Разгоряченный всем этим, как и собственным великодушием и благородством, граф Муравьев-Амурский во всеуслышание поддакивал этому громокипящему человеку и, не менее его падкий на красное словцо и широкий жест, бросал звонкие фразы об освобождении крестьян, суде присяжных и уничтожении бюрократии, о презрении к несекомым сословиям и о вере в народ, и о борьбе с Австрией, и в беседах наедине развивал сумбурные планы какой-то железной диктатуры с народным самоуправлением — без конституции, без министерств, но с монархом, за что Бакунин, возгораясь, самозабвенно прочил родственника чуть ли не в революционные диктаторы. Отогревшись в тепле генерал-губернаторского дома, недавний колодник уже не удовлетворялся просто слушателями, ему жадно желалось первенствовать, подчинять; необходимы были сторонники, последователи, адепты, послушники, ученики, среди коих он мог бы распоряжаться, а не только шуметь.

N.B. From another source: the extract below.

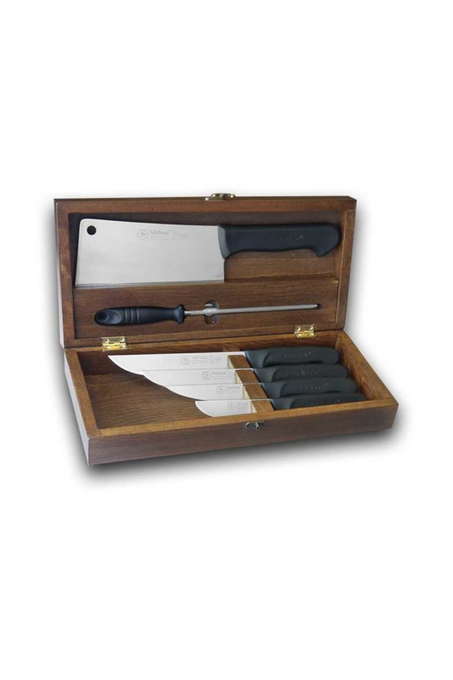Paslanmaz çelik malzemesi sayesinde uzun ömürlü kullanım ve dayanıklılık sunar; Ahşap sandıkta gelen 6 parça bıçak seti, mutfakta ihtiyacınız olan her türlü kesim için idealdir; Çatal, bıçak, masat ve satır kurban bıçağı gibi temel bıçakları içerir, böylece çeşitli yemek hazırlama işlemlerinizde kolaylık sağlar;
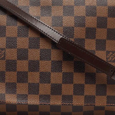 This designer shoulder bag comes in Damier Ebene canvas with a smooth leather strap. Slim, structured, and detailed, the Musette Tango is a luxe option for everyday carry.

Он начал было сходиться со Спешневым, не задумавшись, впрочем, о его годности к этакой роли. Еще за границей слышал историю его молодости, целый роман, и захотел познакомиться. Само собой, Спешнев, в свой черед, много знал о Бакунине. Но пути сошлись только в Иркутске, только там из разговоров открылось, что не раз уже жизнь почти сталкивала их — и, не столкнув, разводила. Естественно, нашлось много общих знакомых и общих воспоминаний, и Бакунин смог оценить по достоинству Спешнева. Наружность его, спокойно-холодная и благородная, вселяла доверие, как всякая сила. Джентльмен с ног до головы, он был, однако, на взгляд Бакунина, слишком удовлетворен собой, слишком бесстрастен… хотя, впрочем, приятель Бакунина в Томске добряк Феликс Толь утверждал обратное. От Толя Бакунин впервые услышал в подробностях о кружке Петрашевского. И про Спешнева Толь говорил как про замечательного человека. Увы, общение со Спешневым было недолгим — только мелькнул перед Бакуниным в Иркутске и отбыл в Японию с Муравьевым.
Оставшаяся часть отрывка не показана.